Sei que nada justifica a distância constante dos grandes amigos, nada serve como desculpa para não visitar aqueles que tanto gostamos. Mas se, de um lado, é erro imperdoável de minha parte, de outro também é fuga das lembranças e das saudades. Não consigo avistá-la sem que esteja vendo Neném bem ao lado. Não consigo entrar na sala sem recordar sua filha bem sentadinha ali, na pouca palavra, no sorriso tímido, no seu jeito meigo de ser. Ela era assim.
Porém já retornei outras vezes. Poucas palavras, visita rápida, brevidades apenas. Mas não posso agir assim. Eu não posso me distanciar dos velhos amigos de Poço Redondo. Ando desprezando demais quem eu amo, quem admiro, quem eu guardo profundo apreço. Veja que coisa! Já faz um bom tempo que eu não renovo uma visita a Neném de Anita. Será que ando me esquecendo de Seu João Capoeira? Não posso esquecer. Brasilino, como vai você? Mariá, minha amiga Mariá, devo uma visitinha viu?! Já faz tempo que não visito Dona Prazerinha e Mané Anjo.
Já prometi a Dona Ceição de Laura que passaria com ela uma tarde inteira, ouvindo suas histórias, tecendo um proseando encantador. Somente de vez em quando - e casualmente - eu encontro Cenira, Irlade e outras amigas.
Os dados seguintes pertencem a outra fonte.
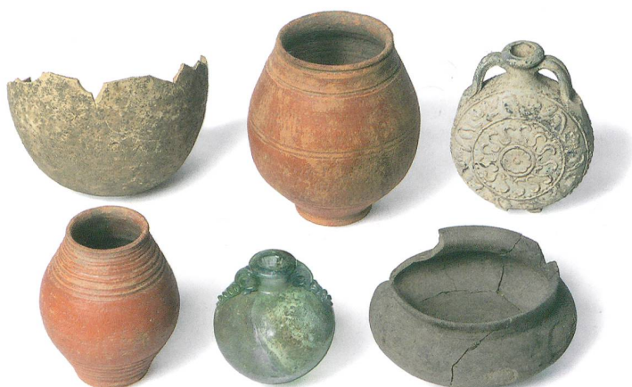
Abb. 5, rechts: Unterseen, Baumgarten 25. Feldflasche aus Körpergrab 2013-K2. Die Vorder- und Rückseite stammen vom gleichen Model, wie man aufgrund der kleinen Unregelmässigkeiten feststellen kann. M. etwa 1:2.

Minha amiga Ciene anda doente e eu não tenho nem coragem de ir lá. Não por esquecimento, pois bem sei o que ela e sua família representam na minha vida, mas por uma angústia terrível em saber o que ela está passando. E dói demais saber do seu sofrimento.
Perdoa-me. Ou perdoem-me. Eu sei muito bem da importância de uma simples visita, de um abraço, de uma demonstração de afeto e respeito. Erro meu - e tão grave erro meu - ao avistar pessoas ao longe e apenas acenar. Eu tenho que ir até lá, eu tenho que ir abraçar, eu tenho que sentir junto a mim cada presença. E sabe o que sinto quando de repente uma dessas pessoas esquecida se aproxima para um abraço apertado?
Choro por dentro e por fora. E não posso simplesmente esquecê-las de jeito nenhum. Tenho de ir, tenho de estar presente, pois nada se sabe sobre o amanhã e nunca é bom recordar apenas com angustiada saudade. Tenho que visitar mais as calçadas ao entardecer. Tenho que visitar mais os amigos enfermos e solitários. Tenho que chegar pertinho de cada um e perguntar: “Como vai?”.
E daí deixar que as palavras encontrem por si mesmas as mais doces e melhores recordações. Bem assim mesmo, Dona Clotilde. Juro não fazer mais assim. Juro bater à porta, juro chamar à janela. E levar a cada um o presente maior que eu tenho a dar: o meu respeito e o meu mais sincero afeto!